The post also shows why tool-rich scientific agents are difficult to evaluate with purely human-authored rubrics. Anthropic observed that Claude sometimes used strategies different from human experts, including pattern recognition from broad biological knowledge and layered evidence from multiple methods. A method-based grader would risk marking those trajectories wrong because they do not match a human solution path. A conclusion-based grader can tolerate creative routes, but only if the benchmark author has created objective answers and validation notebooks to prove the signal is really present.
That design has broader implications beyond biology. Many valuable agent tasks sit in the same zone: there are multiple valid paths, noisy intermediate signals, and a final answer that can be checked more easily than it can be found. Security investigation, data analysis, incident response, and codebase migration all have versions of this structure. BioMysteryBench is interesting because it operationalizes the “verify easier than solve” principle in a real scientific domain rather than a toy environment.
There is also a caution embedded in the result. A model that can outperform a small panel of experts on some hard tasks is not automatically a reliable scientist. It may have vast prior knowledge and enough tool skill to find shortcuts humans miss, but it can still be inconsistent, over-reliant on prior assumptions, or sensitive to the path it takes through an analysis.

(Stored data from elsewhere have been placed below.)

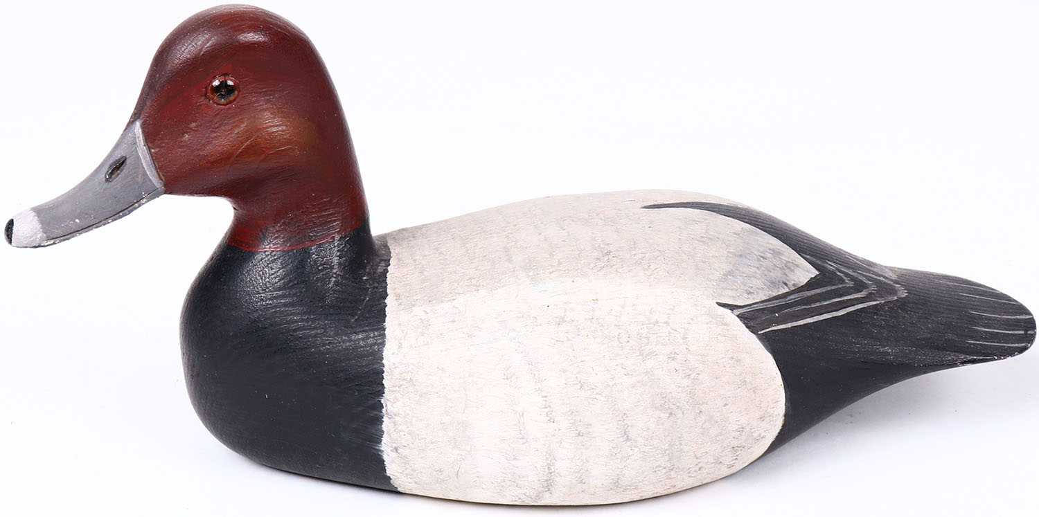 Redhead by H.V. Shourds, glass eyes, hollow wood, original paint, structurally excellent, signed on bottom. Grade: MINT - Value: 30 to 60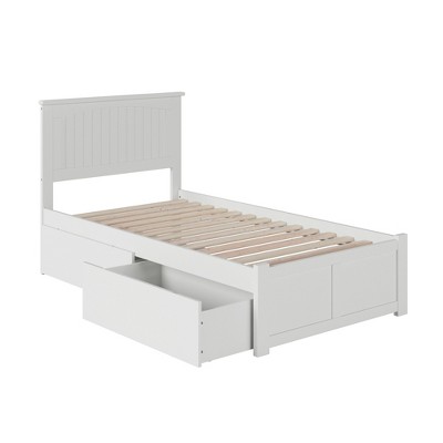 HomeStock Nantucket Twin Platform Bed with Footboard & Storage Drawers, White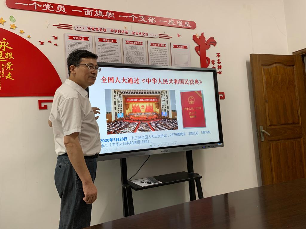 为深入学习贯彻全国“两会”精神,深刻把握今年“两会”的重大法治成果,6月24日下午,yl6809永利行政党支部在北校行政楼222会议室组织开展主题党日活动,专题学习《民法典》。本次支部学习,由学院党委书记王柏民同志作题为《中国法治新理论——以<民法典>为例》辅导报告,宣讲解读民法典。行政党支部全体党员、群众参加了学习。

The benchmark’s human-difficult set is valuable precisely because it reveals both sides: frontier models are starting to open new scientific workflows, but their strongest-looking wins may be the ones most in need of replication and audit.
Takeaway
Anthropic’s post is a strong example of modern AI evaluation moving from static tests toward agent workspaces. The important idea is not only that Claude can solve bioinformatics tasks. It is that the benchmark was designed around objective data properties, open-ended methods, tool use, expert baselines, and repeated attempts, which together make it harder to confuse lucky success with durable capability.

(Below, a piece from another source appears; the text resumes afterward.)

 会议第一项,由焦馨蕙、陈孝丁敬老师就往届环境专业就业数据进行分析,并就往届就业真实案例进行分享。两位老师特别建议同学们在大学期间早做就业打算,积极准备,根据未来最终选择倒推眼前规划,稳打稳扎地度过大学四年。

For engineering teams building or evaluating agents, the broader lesson is to make evals resemble the work being delegated. If the product expects an agent to explore data, install tools, write code, consult external resources, and synthesize uncertain evidence, the eval should exercise those same muscles. The next useful capability metrics will not just ask whether a model can answer a question. They will ask whether it can repeatedly navigate a real workspace, choose defensible methods, and leave behind an answer that other experts can verify.